The fact that so many of the ModeShape components take ExecutionContext instances gives us some interesting possibilities. For example, one execution context instance can be used as the highest-level (or "application-level") context for all of the services (e.g., RepositoryService, SequencingService, etc.). Then, an execution context could be created for each user that will be performing operations, and that user's context can be passed around to not only provide security information about the user but also to allow the activities being performed to be recorded for user feedback, monitoring and/or auditing purposes.

As mentioned above, the starting point is to create a default execution context, which will have all the default components:

ExecutionContext context = new ExecutionContext();

Once you have this top-level context, you can start creating subcontexts with different components, and different security contexts. (Of course, you can create a subcontext from any instance.) To create a subcontext, simply use one of the with(...) methods on the parent context. We'll show examples later on in this chapter.

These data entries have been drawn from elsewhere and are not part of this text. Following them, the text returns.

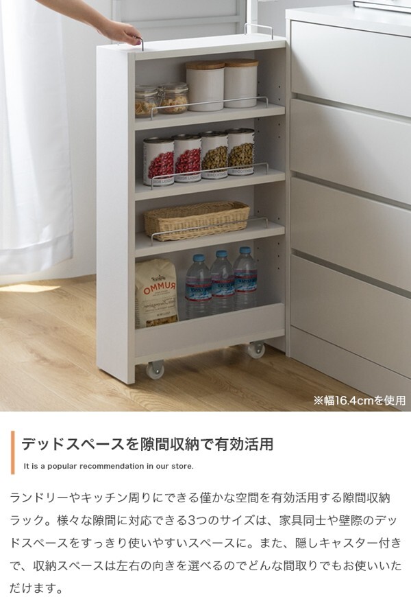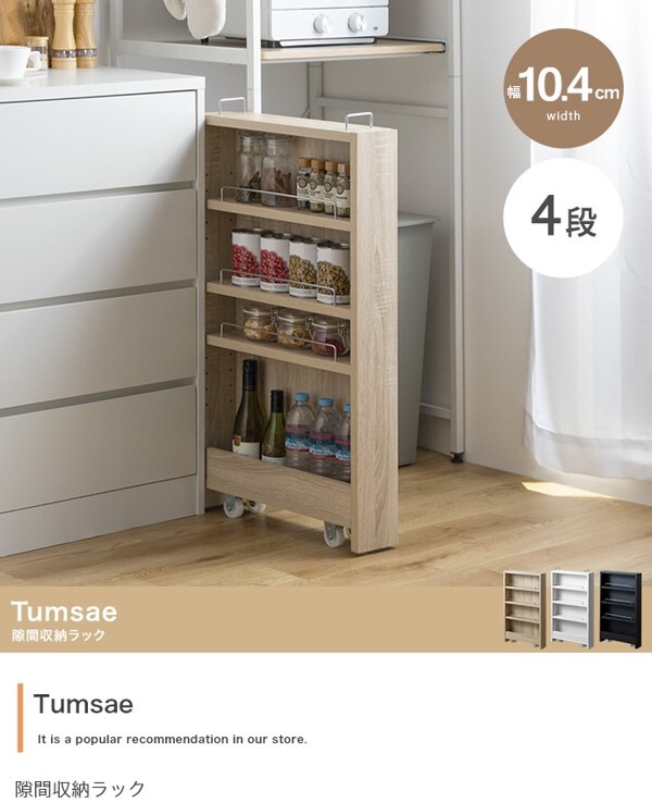 ※現在ご覧の商品ページはホワイトのご購入ページとなります。 ヤフオクの仕様上単一ページに複数バリエーションを掲載することができませんので、他バリエーションが希望の場合は別ページでご購入お願い致します。 デッドスペースを有効活用できる『Tumsae(トゥムセ)』幅10.4cm隙間収納ラック。 ランドリーやキッチン周りでできる僅かな隙間にぴったりフィットし、見た目もすっきりと使いやすいスペースに。 様々な場所で大活躍できるよう3つの幅をご用意しているので、使いたい場所に合わせてお選びただけます。 隠しキャスター付きで、収納スペースは左右の向きを選べるので、どんな間取りでもお使いいただくことが可能です。 配達業者を指定いただくことはできません。 沖縄・離島に関しましては、別途配送料が必要となります。 北海道への配送も別途配送料が必要になる場合がございます。 ※別途送料が発生する場合は後ほどご連絡させていただきます。 タイミングによっては在庫切れの場合があります。
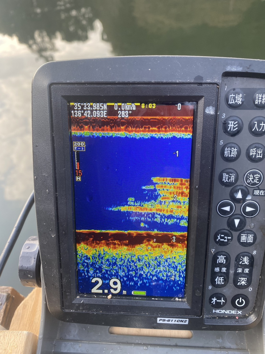 北ロープでの魚探の反応 この反応では釣れませんでした。
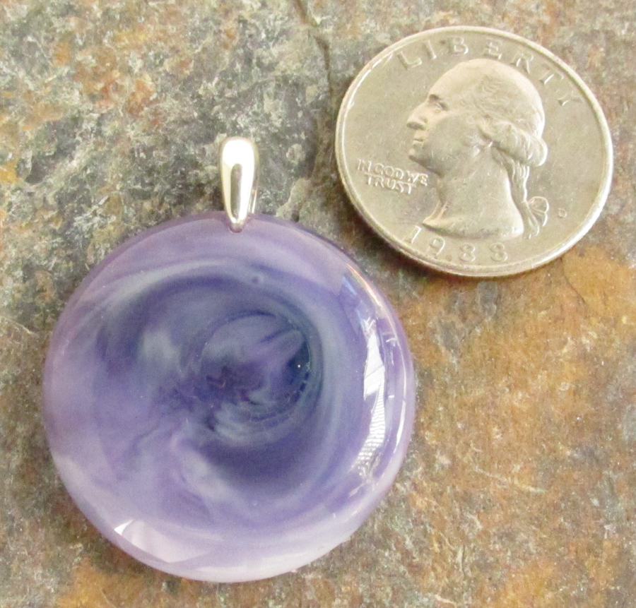 Hazy swirls of purple in all its shades and tints. If you love purple, also check out the Lunar Purple collection. All pendants come with a black waxed cotton cord, but check out the silk ribbons for another fun way to wear it. Bail is sterling silver.

ModeShape uses a simple abstraction layer to isolate it from the security infrastructure used within an application. A SecurityContext represents the context of an authenticated user, and is defined as an interface:

public interface SecurityContext {

    /**
     * Get the name of the authenticated user.
     * @return the authenticated user's name
     */
    String getUserName();

    /**
     * Determine whether the authenticated user has the given role.
     * @param roleName the name of the role to check
     * @return true if the user has the role and is logged in; false otherwise
     */
    boolean hasRole( String roleName );

    /**
     * Logs the user out of the authentication mechanism.
     * For some authentication mechanisms, this will be implemented as a no-op.
     */
    void logout();
}

Every ExecutionContext has a SecurityContext instance, though the top-level (default) execution context does not represent an authenticated user. But you can create a subcontext for a user authenticated via JAAS:

ExecutionContext context = ...
String username = ...
char[] password = ...
String jaasRealm = ...
SecurityContext securityContext = new JaasSecurityContext(jaasRealm, username, password);
ExecutionContext userContext = context.with(securityContext);

In the case of JAAS, you might not have the password but would rather prompt the user. In that case, simply create a subcontext with a different security context:

ExecutionContext context = ...
String jaasRealm = ...
CallbackHandler callbackHandler = ...
ExecutionContext userContext = context.with(new JaasSecurityContext(jaasRealm, callbackHandler);

Of course if your application has a non-JAAS authentication and authorization system, you can simply provide your own implementation of SecurityContext:

ExecutionContext context = ...
SecurityContext mySecurityContext = ...
ExecutionContext myAppContext = context.with(mySecurityContext);

These ExecutionContexts then represent the authenticated user in any component that uses the context.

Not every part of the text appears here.